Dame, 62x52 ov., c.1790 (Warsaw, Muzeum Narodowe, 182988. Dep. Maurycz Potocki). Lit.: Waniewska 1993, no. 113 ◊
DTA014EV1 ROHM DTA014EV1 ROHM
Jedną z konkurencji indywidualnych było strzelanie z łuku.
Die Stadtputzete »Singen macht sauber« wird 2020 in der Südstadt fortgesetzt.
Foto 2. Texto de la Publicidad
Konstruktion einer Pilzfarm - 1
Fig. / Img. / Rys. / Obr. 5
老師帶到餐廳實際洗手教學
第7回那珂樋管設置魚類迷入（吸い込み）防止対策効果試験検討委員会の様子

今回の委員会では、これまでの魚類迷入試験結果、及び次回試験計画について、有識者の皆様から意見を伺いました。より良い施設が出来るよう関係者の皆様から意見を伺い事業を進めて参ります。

==============================

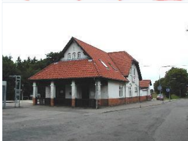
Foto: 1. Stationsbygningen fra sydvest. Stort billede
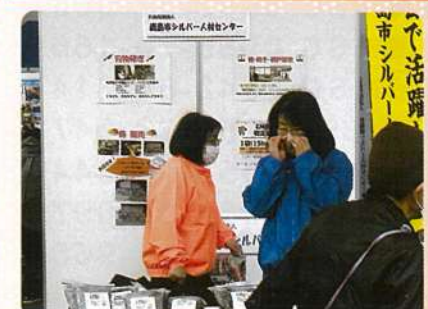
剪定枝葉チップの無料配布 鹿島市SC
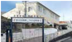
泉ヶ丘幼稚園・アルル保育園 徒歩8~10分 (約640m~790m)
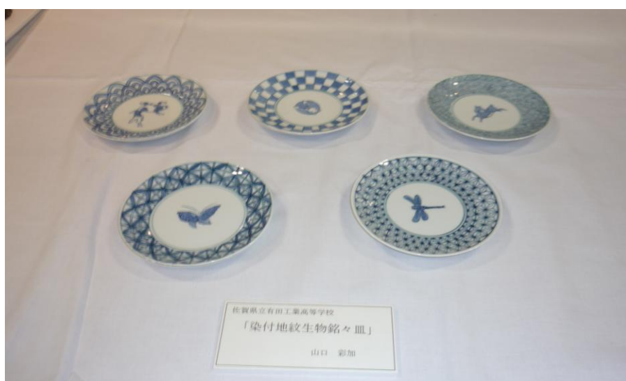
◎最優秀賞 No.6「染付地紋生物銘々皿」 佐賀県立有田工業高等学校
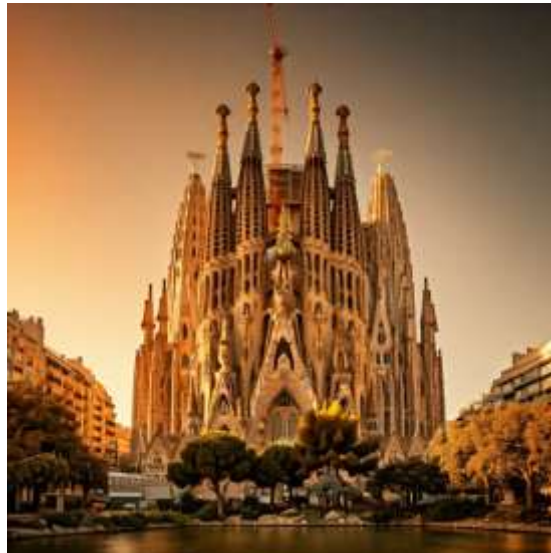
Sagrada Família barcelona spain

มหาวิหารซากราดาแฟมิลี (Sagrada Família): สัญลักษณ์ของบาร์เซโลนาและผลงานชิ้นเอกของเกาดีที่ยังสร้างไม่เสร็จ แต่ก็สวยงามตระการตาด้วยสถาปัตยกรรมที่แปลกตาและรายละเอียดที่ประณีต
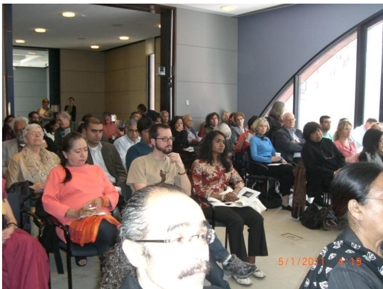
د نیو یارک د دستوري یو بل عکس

==============================

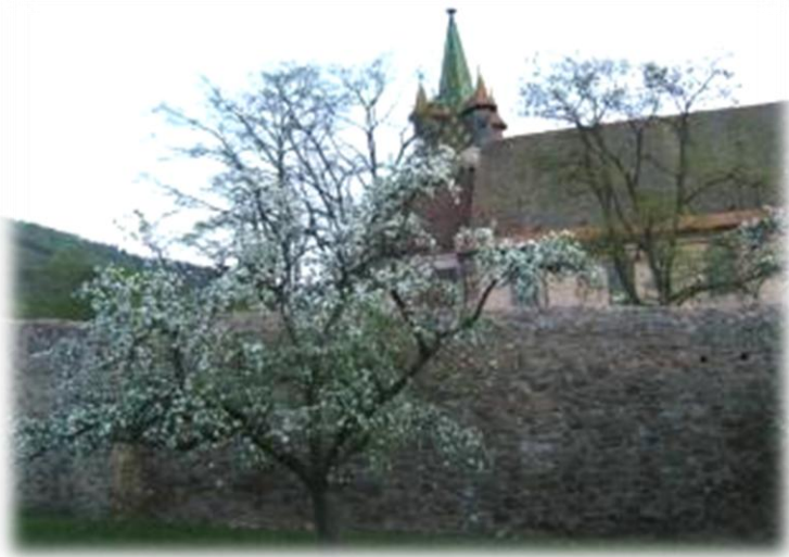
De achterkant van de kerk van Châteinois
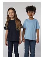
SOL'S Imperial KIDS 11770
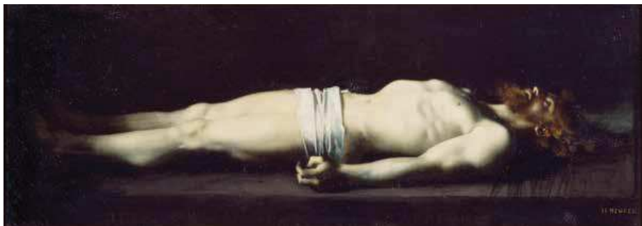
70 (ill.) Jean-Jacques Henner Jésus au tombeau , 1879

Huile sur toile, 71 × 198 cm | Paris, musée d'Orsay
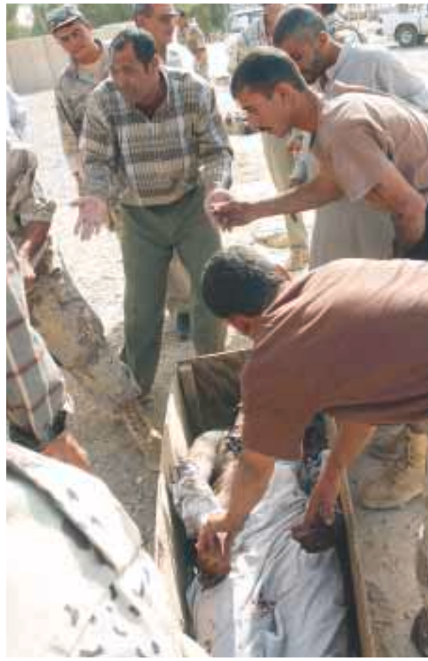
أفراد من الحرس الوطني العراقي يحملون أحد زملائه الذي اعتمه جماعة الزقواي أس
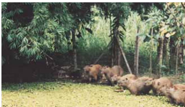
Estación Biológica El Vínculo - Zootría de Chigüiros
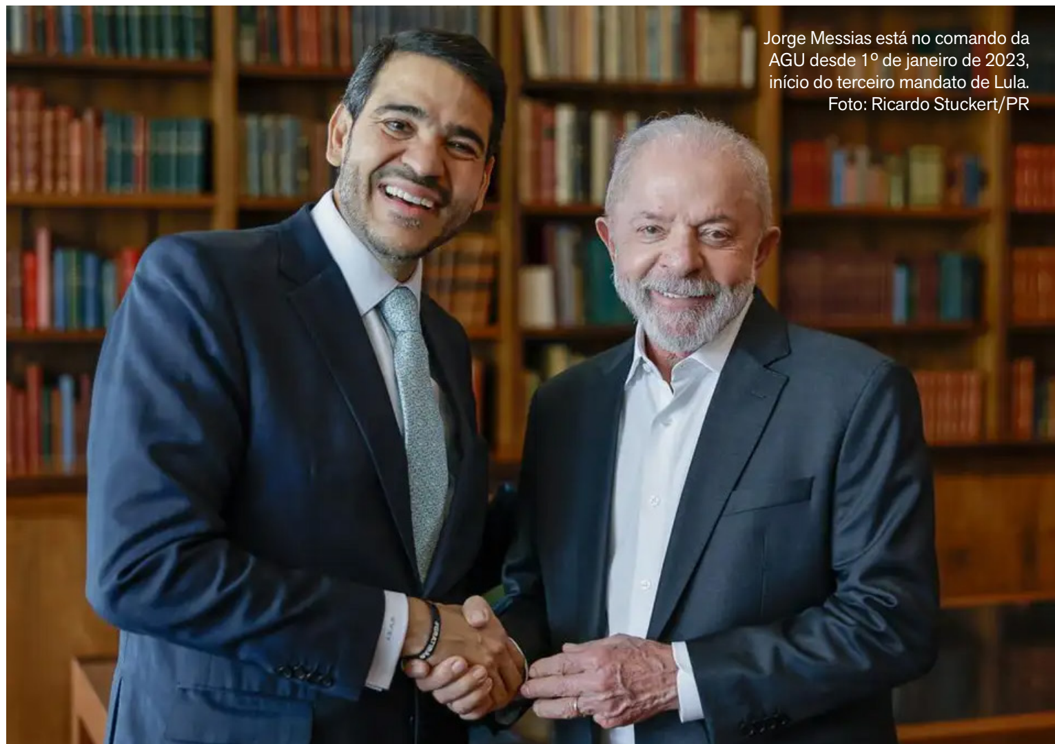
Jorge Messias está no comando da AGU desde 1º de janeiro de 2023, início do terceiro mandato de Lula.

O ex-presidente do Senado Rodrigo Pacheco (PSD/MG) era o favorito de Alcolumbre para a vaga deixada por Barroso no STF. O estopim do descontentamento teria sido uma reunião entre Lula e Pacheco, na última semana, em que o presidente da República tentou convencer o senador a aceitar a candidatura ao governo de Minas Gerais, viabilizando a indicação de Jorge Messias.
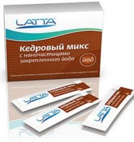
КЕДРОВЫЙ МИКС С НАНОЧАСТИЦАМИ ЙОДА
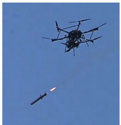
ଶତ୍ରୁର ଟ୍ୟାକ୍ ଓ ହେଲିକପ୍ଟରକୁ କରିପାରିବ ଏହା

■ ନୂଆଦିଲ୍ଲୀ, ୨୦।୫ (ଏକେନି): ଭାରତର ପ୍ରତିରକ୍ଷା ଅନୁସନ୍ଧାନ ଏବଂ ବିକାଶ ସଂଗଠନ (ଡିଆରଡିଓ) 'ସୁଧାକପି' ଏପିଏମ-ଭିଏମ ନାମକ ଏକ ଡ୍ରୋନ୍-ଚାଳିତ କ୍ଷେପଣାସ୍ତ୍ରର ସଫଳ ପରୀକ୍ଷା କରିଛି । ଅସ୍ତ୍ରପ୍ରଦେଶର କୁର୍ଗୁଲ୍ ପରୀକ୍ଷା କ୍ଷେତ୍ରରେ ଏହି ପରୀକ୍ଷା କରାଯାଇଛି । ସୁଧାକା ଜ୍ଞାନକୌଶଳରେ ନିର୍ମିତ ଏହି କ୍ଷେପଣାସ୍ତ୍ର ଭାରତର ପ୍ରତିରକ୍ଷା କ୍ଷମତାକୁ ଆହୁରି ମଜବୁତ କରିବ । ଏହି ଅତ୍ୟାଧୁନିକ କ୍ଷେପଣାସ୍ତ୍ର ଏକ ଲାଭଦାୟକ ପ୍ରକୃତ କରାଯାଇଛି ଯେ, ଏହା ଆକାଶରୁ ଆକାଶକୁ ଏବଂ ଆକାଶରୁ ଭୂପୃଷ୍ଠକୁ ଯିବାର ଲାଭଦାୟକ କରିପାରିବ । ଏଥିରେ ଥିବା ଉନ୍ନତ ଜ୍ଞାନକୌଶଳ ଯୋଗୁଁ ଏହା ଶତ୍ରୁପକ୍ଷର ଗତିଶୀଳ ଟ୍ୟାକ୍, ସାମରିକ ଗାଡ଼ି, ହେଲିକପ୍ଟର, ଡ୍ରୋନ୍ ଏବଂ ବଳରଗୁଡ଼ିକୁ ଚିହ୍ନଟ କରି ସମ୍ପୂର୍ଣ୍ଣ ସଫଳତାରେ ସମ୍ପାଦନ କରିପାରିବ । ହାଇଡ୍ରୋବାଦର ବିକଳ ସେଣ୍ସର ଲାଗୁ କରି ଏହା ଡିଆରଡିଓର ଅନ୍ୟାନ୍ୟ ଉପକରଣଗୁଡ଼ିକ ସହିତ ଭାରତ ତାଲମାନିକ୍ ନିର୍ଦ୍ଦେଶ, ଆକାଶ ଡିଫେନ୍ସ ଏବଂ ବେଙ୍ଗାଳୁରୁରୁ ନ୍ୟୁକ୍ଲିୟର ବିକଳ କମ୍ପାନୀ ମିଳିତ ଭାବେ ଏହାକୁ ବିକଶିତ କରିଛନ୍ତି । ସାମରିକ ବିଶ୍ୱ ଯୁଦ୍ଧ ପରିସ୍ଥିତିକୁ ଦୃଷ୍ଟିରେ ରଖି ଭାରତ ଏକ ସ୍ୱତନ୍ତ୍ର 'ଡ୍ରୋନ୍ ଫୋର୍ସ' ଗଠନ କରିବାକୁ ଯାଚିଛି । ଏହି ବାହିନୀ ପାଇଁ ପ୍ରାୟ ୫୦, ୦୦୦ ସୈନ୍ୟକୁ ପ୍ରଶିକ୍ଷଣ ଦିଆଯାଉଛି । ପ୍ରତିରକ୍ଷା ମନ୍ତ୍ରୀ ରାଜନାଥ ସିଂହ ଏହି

==============================

## WORK TASK:
Extract from the listing above the lines between the line containing "Dame, 62x52 ov., c.1790" and the line containing "Jedną z konkurencji", keeping both of those lines. Output nothing else.

## RESULT OF THIS EXERCISE:
Dame, 62x52 ov., c.1790 (Warsaw, Muzeum Narodowe, 182988. Dep. Maurycz Potocki). Lit.: Waniewska 1993, no. 113 ◊
DTA014EV1 ROHM DTA014EV1 ROHM
Jedną z konkurencji indywidualnych było strzelanie z łuku.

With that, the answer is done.